A comparative study done between migrant and non migrant Gujarat is reports that the NCD risk factors such as high Body Mass Index (BMI), blood pressure, lipids, non-esterified fatty acids, and high calorie diet were high among migrants [16]. A study done on migrant Asian Indians living in the United Kingdom (UK) found higher levels of obesity, blood pressure, total cholesterol, blood glucose, and insulin resistance higher than their siblings in Punjab [17]. Indian immigrants were found to have high incidence of overweight, with minimal exercise and activity profiles while in the host country as per studies in the US [18]. High prevalence of adverse body fat patterning, dyslipidaemia and insulin resistance beginning at a young age have been consistently reported in Asian Indians irrespective of their geographic locations [19]. Along with the ethnic predisposition, lifestyle changes after migration resulted in an early onset and high prevalence rates of diabetes and metabolic syndrome among Asian Indians in United States [20].

Considering the high vulnerability to the non communicable disease risk factors due to the forced adaptation to the lifestyles, living and working environments of the host country, it is significant to explore a comparative study on the NCD risk factors and its determinants among migrants and non migrants. The present study compares the prevalence of NCD risk factors among gulf migrant workers and non migrant workers of Malappuram district in Kerala, India.

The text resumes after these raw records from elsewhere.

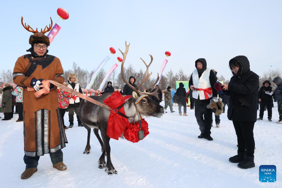 Tourists interact with a reindeer during a winter fishing event in Mohe, northeast China's Heilongjiang Province, Dec. 30, 2025. The event held on Tuesday showcased some customs and folk arts only found in Mohe. (Photo by Shao Tianli/Xinhua)
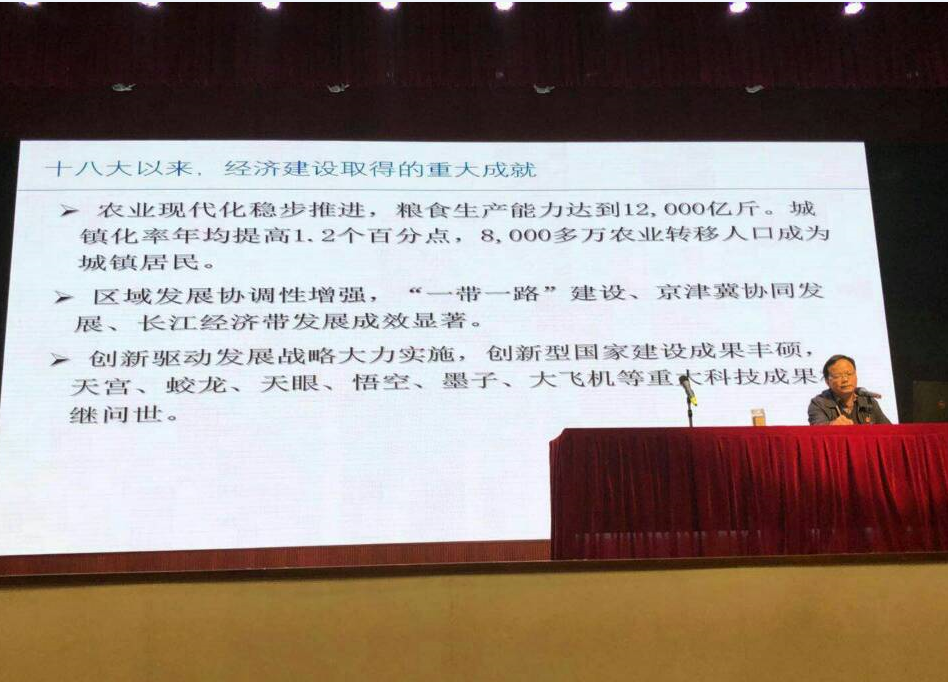 “同学们,实现中华民族伟大复兴是一个长期的历史过程,需要一代又一代有志青年继续奋斗……”2017年12月11日晚,学院院长、党委副书记陶昌学为2015级全体大专生讲授《当前中国经济形势》。
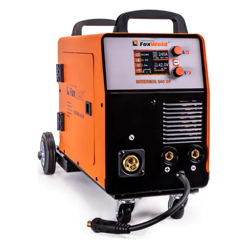 Сварочный полуавтомат FoxWeld INVERMIG 240 DP является уникальным устройством, воплотившем в себе очень большое количество функций и опций, которые позволяют профессионально и качественно, осуществлять процесс сварки в различных режимах и с разными настройками. Основная функция модели сварка процессом MIG/MAG: максимальная сила тока в 240 Ампер позволяет работать с проволокой диаметром до 1,2 мм. В механизм подачи проволоки можно установить катушки диаметрами, как D100, так и D200.
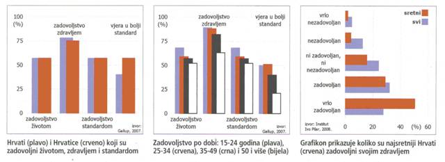 Njen stav potvrđuju i ispitivanja društvenih i životnih vrijednosti među Hrvatima. Nešto više od polovice Hrvatica i Hrvata trenutno je zadovoljno standardom svojeg života, po manje od polovice populacije vjeruje da će se taj standard nastaviti poboljšavati. Oko trećine misli baš suprotno – da će se pogoršati, a što su ljudi stariji, to im je optimizam slabiji.
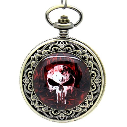 -. Feature : Quartz pocket watch / Bronze chain and case / Unique skull image cover / One side open pocket watch / Retro Style
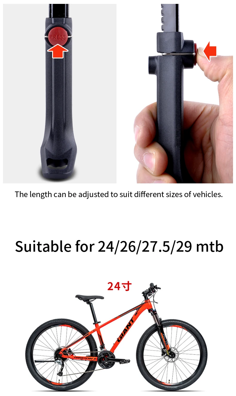 1. Эта велосипедная Подножка-универсальная модель, подходит для велосипедов размером 24-29 дюймов, длину можно быстро регулировать без инструментов.
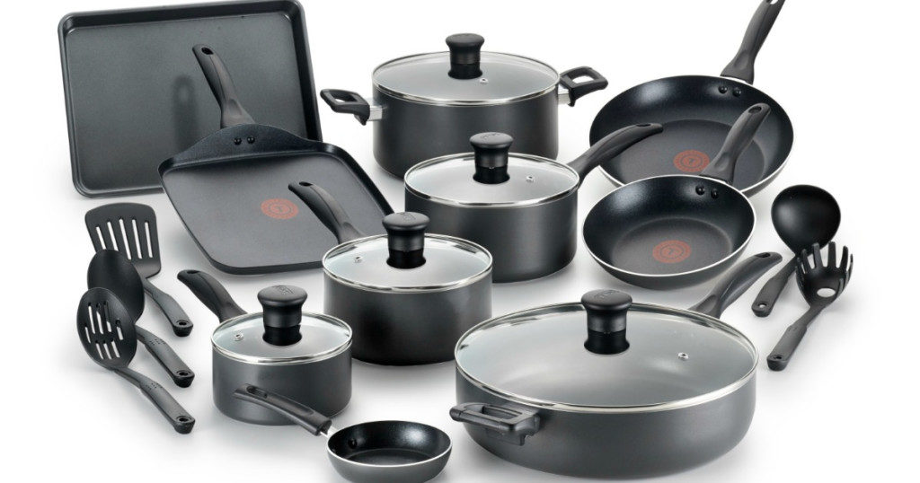 This T-fal 20-Piece Cookware Set includes an 8″ fry pan, 10.5″ fry pan, 10.25″ square griddle, 5qt covered jumbo cooker, 5qt covered dutch oven, 1qt covered saucepan, 2qt covered saucepan, 3qt covered saucepan, 9″ x 12.5″ cookie sheet and 5 nylon cooking utensils. The pots and pans are non-stick and dishwasher safe.
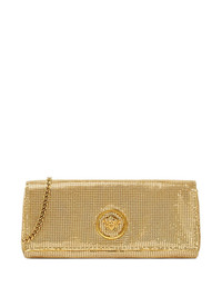 La Medusa clutch bag Highlights - Gold-tone - Chainmail detailing - Medusa plaque - Detachable chain strap - Flap closure with magnetic fastening Made in Italy Composition Outer: Metal 100% Calf Leather 100%
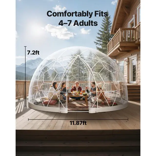 VEVOR Garden Dome Igloo, 12 x 7.2 ft Outdoor Clear Bubble Tent for 4-7 Person, Weatherproof Geodesic Dome Greenhouse with Window, PVC Igloo Tent for Backyard Patios Camping Party Wedding
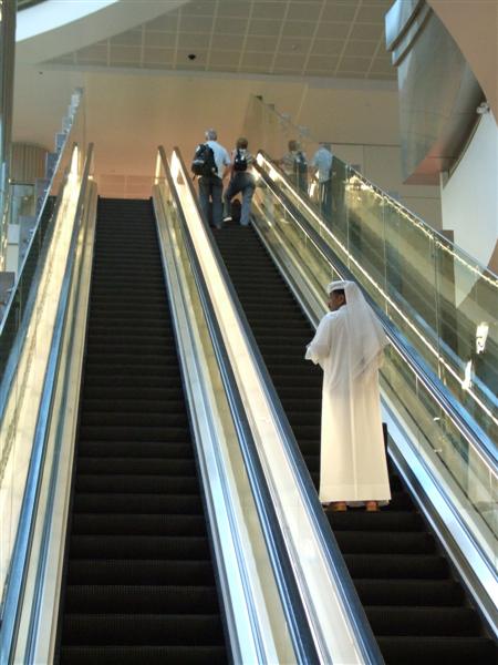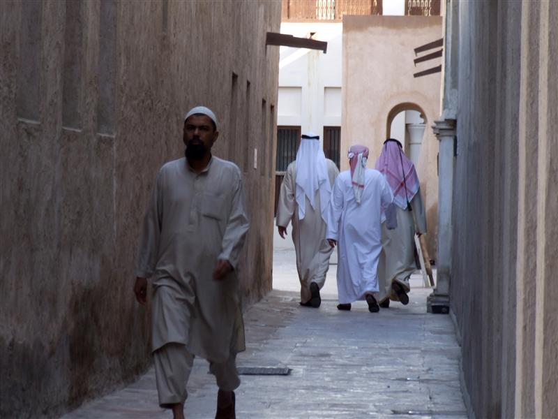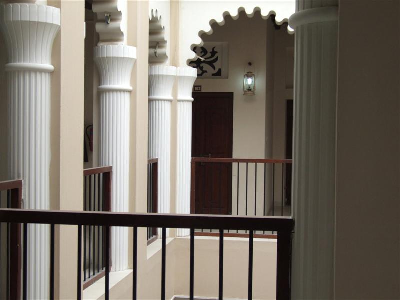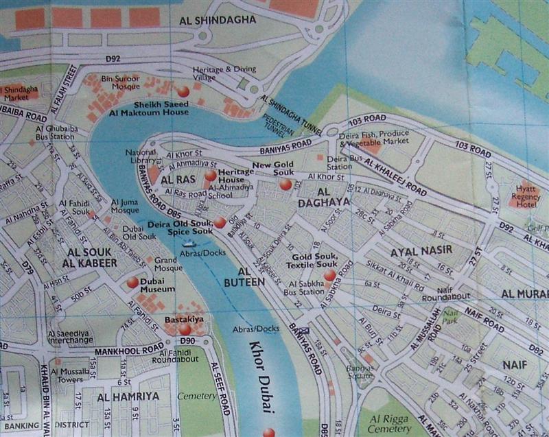| These are from a visit [2nd -6th April 2009]to my Indian engineer friend Madhu who is now working there. We stayed at an excellent traditional hotel - The Hijaz Heritage Motel - in the old Al Ras quarter in Deira. The hotel is part of a group including the traditional Heritage House and the Al-Ahmadiya School. Deira is separated from the other old part, Bur Dubai, by the Creek which we frequently crossed by the small boats, the Abras, for one Dhiram. |
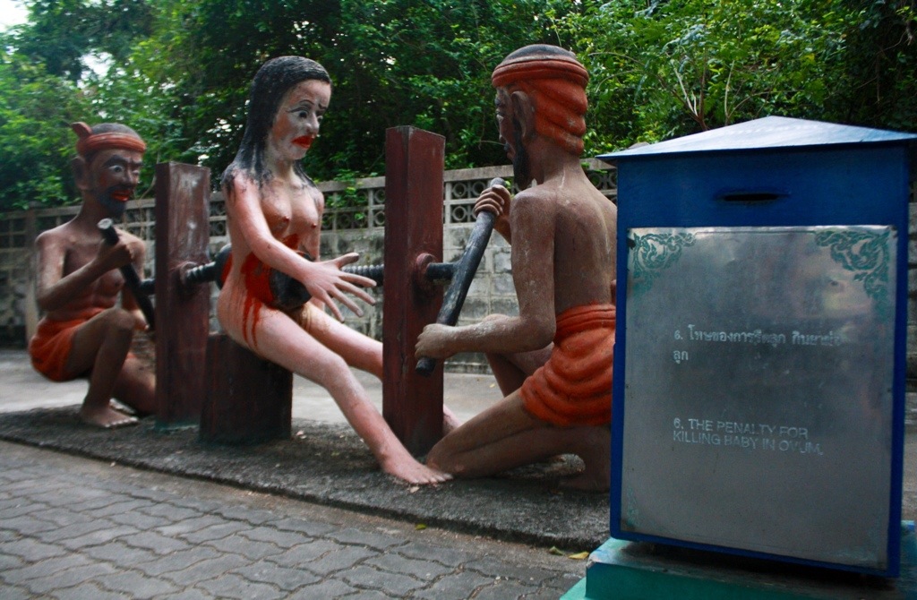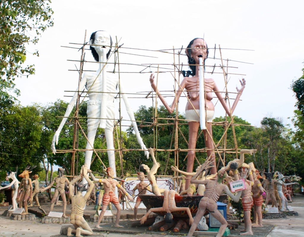 The Thai version of hell, called narok, is different from the Christian Hell in that souls do not go there after they die, they are born there as punishment for sins committed in a former life.
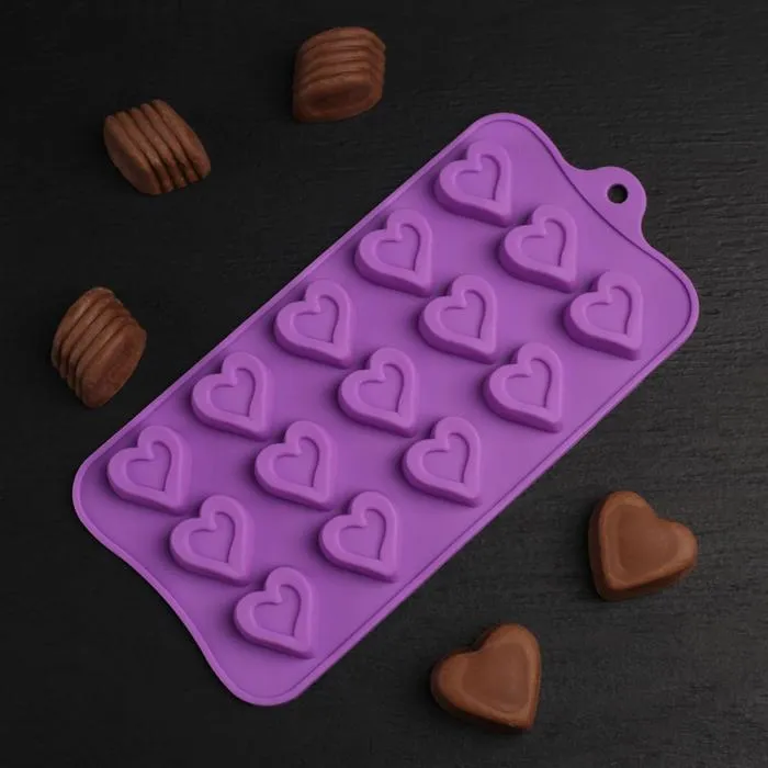 Форма для конфет и шоколада Доляна «Сердечко», силикон, 21×10 см, 15 ячеек (2.7×2.8 см), МИКС — Характеристики

The study was done in Malappuram district which is one of the districts with high gulf migrant population in Kerala State [14]. Since majority of migrants were men, for the present study women were not included [14]. This was a community based cross sectional study among adult men aged 25-64 years. Using a multi stage cluster sampling method- Among the 15 block panchayats of Malappuram district, Tanur was randomly selected. Out of the total nine gramapanchayats of Tanur Block, four were randomly selected [21]. In the third stage, five wards (the ward is the smallest geographical unit of the decentralized government in Kerala) were randomly selected from the selected panchayats as the study area. Two clusters of 10 individuals each were identified for both gulf migrant workers and non-migrant workers from each of these selected wards. The first household was selected randomly and remaining was continuously surveyed. For all the clusters the same process was repeated (Figure 1). The study was conducted during July to September 2013 which was the vacation time in gulf countries because of the Ramadan festival. Most of the gulf migrant workers had come on vacation which helped us to obtain the gulf migrants easier.